With oil prices remaining highly volatile there are many forecasts and predictions circulating in the public domain. While many of these forecasts and predictions rely on uncertain assumptions about interdependent factors we wanted to use our TGS Well Performance Data to look at implications of certain cost cutting measures.
Reducing cost is top of mind for all operators, and especially so for short-cycle shale producers.
The two initiatives operators are pursuing are:
- Reducing Capex by reducing rig count and frac crews
- Reducing Opex by potentially shutting in lower producing wells
We put together forecasts for three different scenarios, all representing extreme courses of action and worst case situations:
- No New Drills: What would average daily oil production in December 2020 look like if all operators stopped drilling in May and there were no new wells coming online?
- No New Drills + Shutting In Stripper Wells: What if in addition operators decided to also shut in the lowest of the low producers, i.e. stripper wells producing less than 15 bpd?
- No New Drills + Shutting In Stripper Wells and more Low Producers: What if the previous Capex and Opex reductions weren’t enough and operators also shut in Low Producers with less than 100 bpd, a threshold commonly referenced?
Our models predict that:
- Discounting all drilling and fracking activity for the rest of the year going forward, total US production would decline by 40%.
- Shutting in wells producing less than 100 bpd would result in a further decrease of 20%, or 2.55 mmbpd.
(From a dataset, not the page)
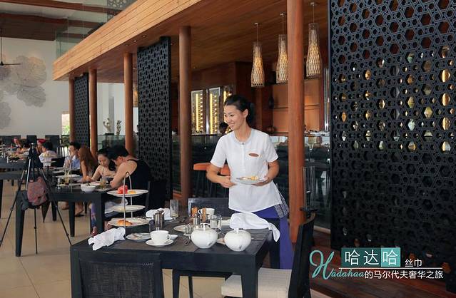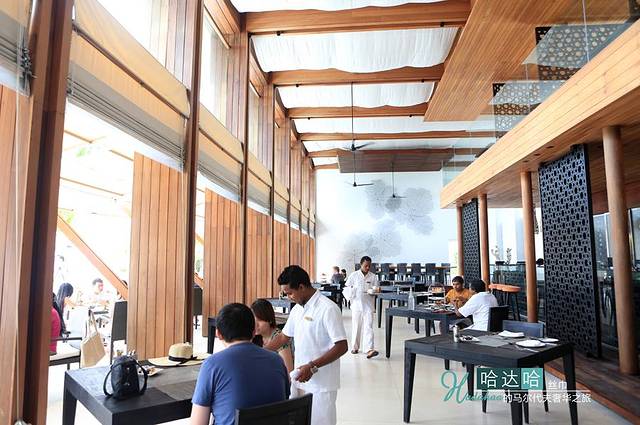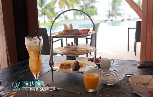 沉沉入睡的甜夜。醒来是马尔代夫7月雨季的阴雨天。早上10点,我们从雨林小道走去餐厅早餐。林间偶尔几只硕大的蝙蝠朗朗飞过,就连岛上的蝙蝠也已完全剥离了阴郁外表。餐厅是一个非常通透的挑高木建筑,正对着美丽修长的泳池和辽阔印度洋。这是我们进行了一半的早餐,好喝的橙汁令女巫一连喝了好多天都不曾变心。菜单上有各种好吃的名字,据说集合了全球凯悦酒店连锁的美食。想吃什么,任点。

Figure 1 – Oil Production Scenarios
- Scenario #1: Compared to average daily production for December 2019, not bringing any new wells online starting in May results in a reduction of about 40% by the end of the year. This illustrates the contribution of rapidly declining shale wells which make up a substantial portion of today’s US production.
- Scenario #2: If in addition to laying down rigs and frac crews, operators also shut in super low producing stripper wells, US oil production would be cut in half by the end of the year.
- Scenario #3: If operators also decided to shut in other low producers (<100 bpd), another 1.45 mmbpd would be taken offline.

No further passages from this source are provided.